::: RECORDS FOR THIS TASK :::

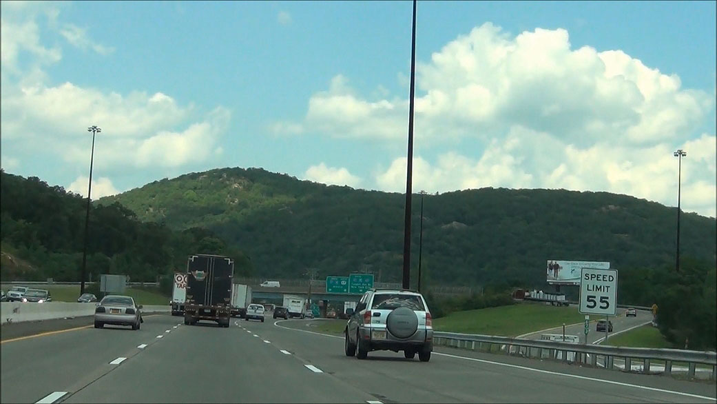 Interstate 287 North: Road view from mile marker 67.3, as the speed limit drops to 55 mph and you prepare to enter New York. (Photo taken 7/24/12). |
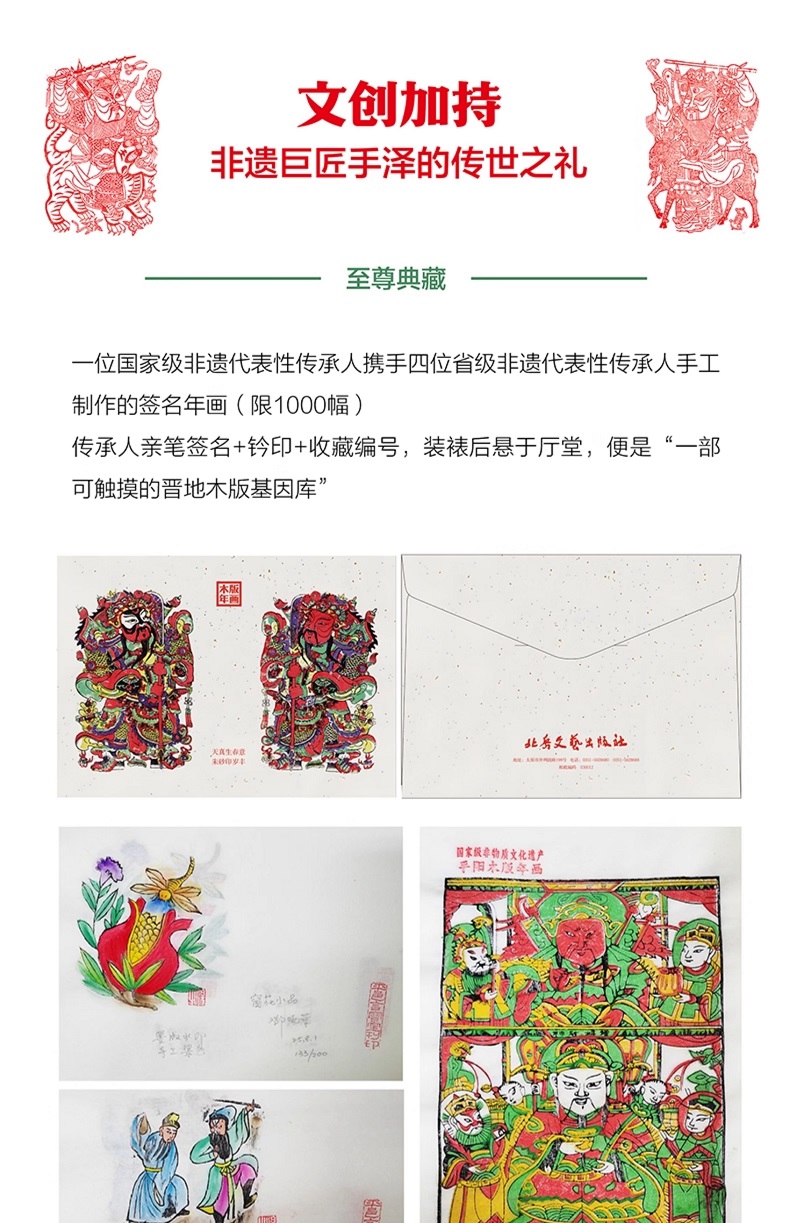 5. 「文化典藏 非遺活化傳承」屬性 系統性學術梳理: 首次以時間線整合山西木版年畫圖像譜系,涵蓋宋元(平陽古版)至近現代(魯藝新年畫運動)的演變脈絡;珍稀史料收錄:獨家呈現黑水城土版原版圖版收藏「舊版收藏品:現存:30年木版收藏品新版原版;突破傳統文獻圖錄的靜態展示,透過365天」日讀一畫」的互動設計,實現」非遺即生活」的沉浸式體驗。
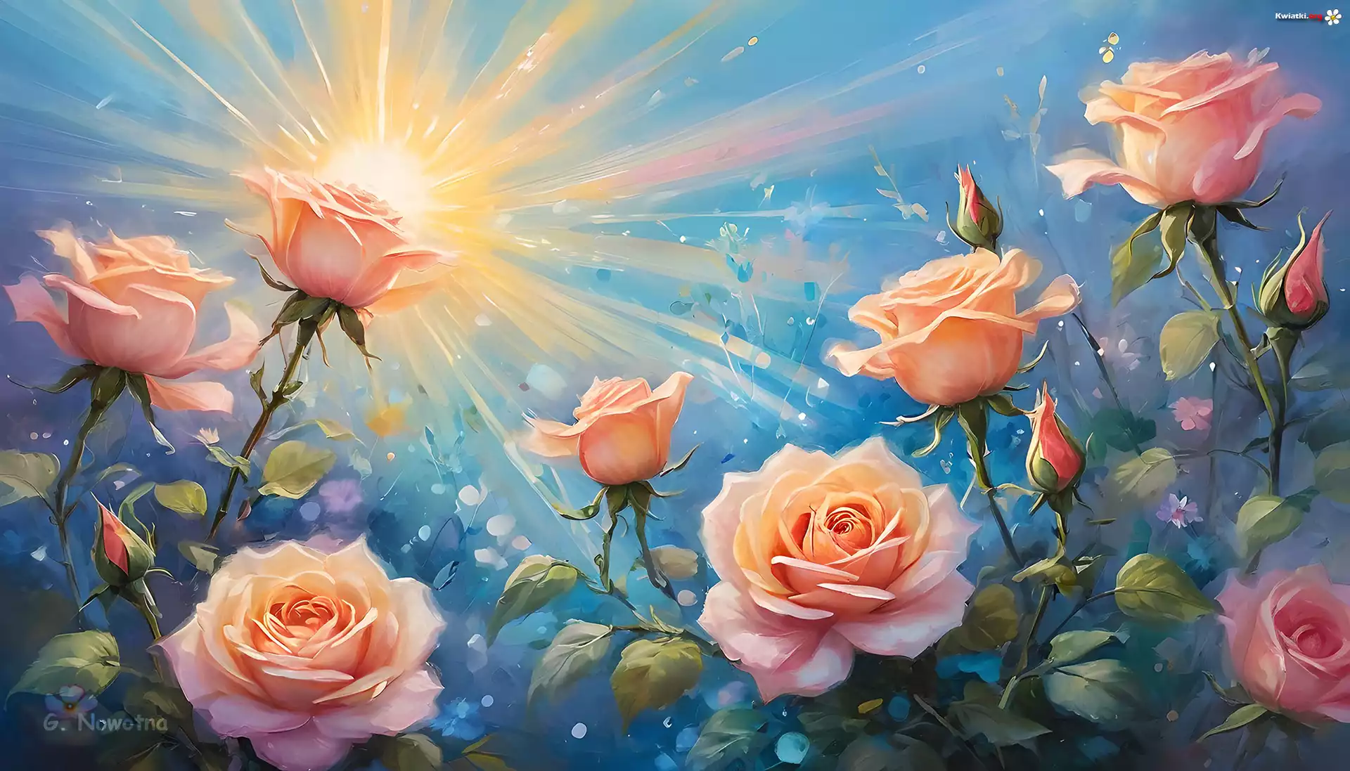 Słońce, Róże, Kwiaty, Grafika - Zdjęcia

:::
::: RECORDS FOR THIS TASK :::

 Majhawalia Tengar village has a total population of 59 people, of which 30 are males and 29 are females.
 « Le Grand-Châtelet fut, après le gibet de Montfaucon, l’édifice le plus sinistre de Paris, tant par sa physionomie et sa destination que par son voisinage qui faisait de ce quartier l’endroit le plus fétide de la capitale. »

:::

WORK INSTRUCTION:
Take the material above from the line containing "Interstate 287 North: Road" up to and including the line containing "Słońce, Róże, Kwiaty, Grafika - Zdjęcia" and retype it exactly, without any pictures.

ANSWER FOR THE TASK:
 Interstate 287 North: Road view from mile marker 67.3, as the speed limit drops to 55 mph and you prepare to enter New York. (Photo taken 7/24/12). |
 5. 「文化典藏 非遺活化傳承」屬性 系統性學術梳理: 首次以時間線整合山西木版年畫圖像譜系,涵蓋宋元(平陽古版)至近現代(魯藝新年畫運動)的演變脈絡;珍稀史料收錄:獨家呈現黑水城土版原版圖版收藏「舊版收藏品:現存:30年木版收藏品新版原版;突破傳統文獻圖錄的靜態展示,透過365天」日讀一畫」的互動設計,實現」非遺即生活」的沉浸式體驗。
 Słońce, Róże, Kwiaty, Grafika - Zdjęcia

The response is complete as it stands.